Thanks guys. I'm in Yorkshire, England. Just did a search on that name you gave me but it didn't come up with any info. How big do these get? I'v seen them slightly larger then the one I caught before. If I keep one what should I be feeding it?


----------



## CrocKeeper (Dec 26, 2003)

Finding a small Jar or any othertype of clearcontainer is great as you will be able to observe the spider should you choose to keep one. Feeding is really simple, just find things small enough for it to overpower, they will eat anything they can take down....*but*....if you catch an adult male like the one you photographed, be aware that it's life is going to be short on no account of yours...once they reach adult breeding stages, the male is out to breed and die...an unfortunate side effect of being male...(in spiders...and sadly many of the species, not just the latrodectus, eat the males during, or after breeding....)

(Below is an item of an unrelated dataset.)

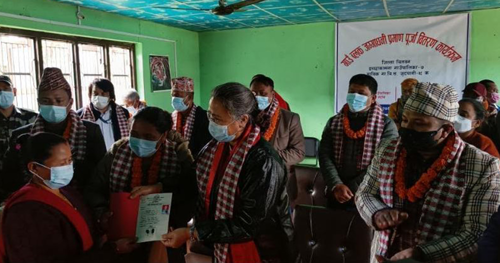 काठमाडौं । भूमि, व्यवस्था, सहकारी तथा गरिबी निवारणमन्त्री शशी श्रेष्ठले चितवन जिल्लाको इच्छाकामना गाउँपालिकाको गाउँव्लकमा रहेका भूमिविहिनलाई जग्गा धनी प्रमाण पुर्जा वितरण गरेकी छन् । आज मन्त्री श्रेष्ठले चितवन जिल्लाको इच्छाकमना गाउँपालिकाको गाउँव्लकमा रहेका ३६ घर परिवारलाई जग्गाधनी प्रमाण पुर्जा वितरण गरिन् ।

I would check for species of the genus Lepthyphantes, and Eperigone, but there are sooo many species...chances are your vernacular "house" spider will give a better shot at Identification on your end in guides to spiders of the UK...or a call to a local university..or agricultural extension office (or the UK equivelent)... I will keep looking for you...










Added this for you: http://www.arachnology.be/pages/society/Eurosoc.html#BAS

perhaps there you can find an answer that is definative!


----------



## alan (Mar 11, 2004)

aaaargggghhhhhhhhhhhhhhhhhh!

its a f*cking HORRIBLE spider


----------



## piranhasrule (May 31, 2004)

Thanks

I'm thinking its possibly Tegenaria duellica


----------



## flyboy (May 11, 2004)

Yea, It does look like a Tegenaria duellica. I thought wolf because of the markings on the cephalothorax. I didn't take into account that he was living in the UK. Lol, at least I tried. I'm not very good on spiders, lol. I've taken an interest in them lately. If you can get another look at this species of spider, does it have eight eyes in two rows of four in slightly downward curved lines? Like this? On a side note Croc Keeper, you are the man. Lol.


----------



## CrocKeeper (Dec 26, 2003)

I am so not "the man"....but I thank you for the compliment.

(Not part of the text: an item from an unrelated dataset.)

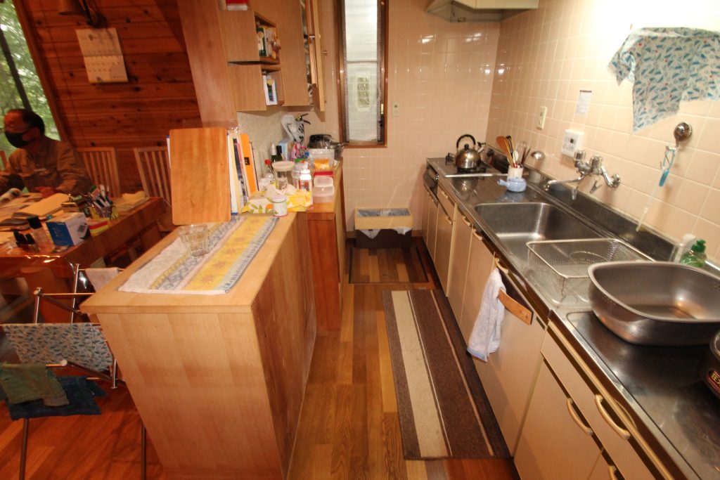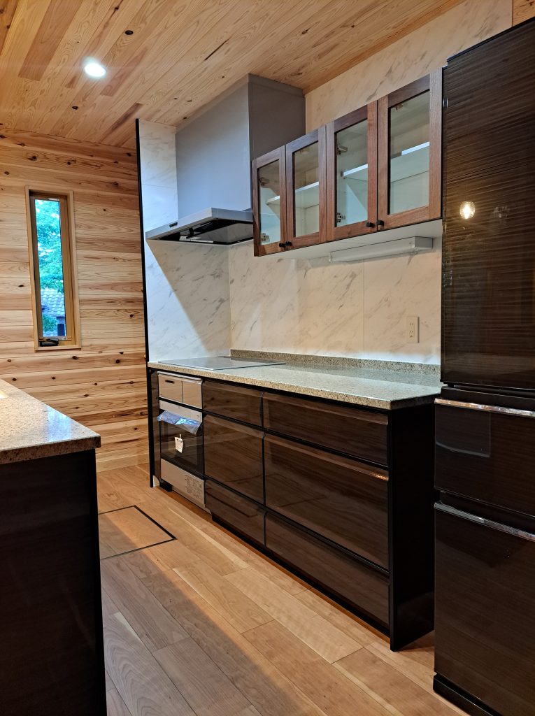壁や床もフローリングに変え木のぬくもりが感じられ、スペースを最大限に活かし使う人に寄り添うキッチンへ。

The real "men" are the academic ecologists/taxonomists/biologists who spend their lives locked in battle with academia, LOW budgets, misinformed public, municipal, State, and Federal Agencies, all for the simple reason they LOVE what they study. Seldom does their effort end in financial reward, or glory in th epublic eye...so it is they I salute and call "the men" (or "women")....

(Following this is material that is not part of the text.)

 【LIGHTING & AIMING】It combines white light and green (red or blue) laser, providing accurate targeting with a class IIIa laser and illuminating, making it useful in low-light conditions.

Wow read that with the "real men of genius" tune from the budweiser commercials playing in your mind...sorry...it works there..LOL


----------



## 909Justice (Aug 27, 2006)

piranhasrule said:


> Turned around from the computer earlier and saw this thing clinging to the wall just staring at me. I swear it was sizing me up! They are pretty common around here, just some sort of house spider, but I'd like an ID on it please. I traped it in an icecream tub, couldnt decide wether to keep it or nuke it with bug spray. In the end I just let it go outside.
> 
> View attachment 117668


looks like a Wolf spider to me or has the same body texture


----------



## CrocKeeper (Dec 26, 2003)

I believe he hit the nail on the head with _T. duellica_, which while suprficially similair in appearance to the wolf spiders is a grass spider...and duellica is a European species established in parts of the US along with a serious look alike _T. agrestis_ (the Hobo Spider)......


----------



## flyboy (May 11, 2004)

You are right CrocKeeper, I cannot imagine the long hours and work involved in classifying all the different species.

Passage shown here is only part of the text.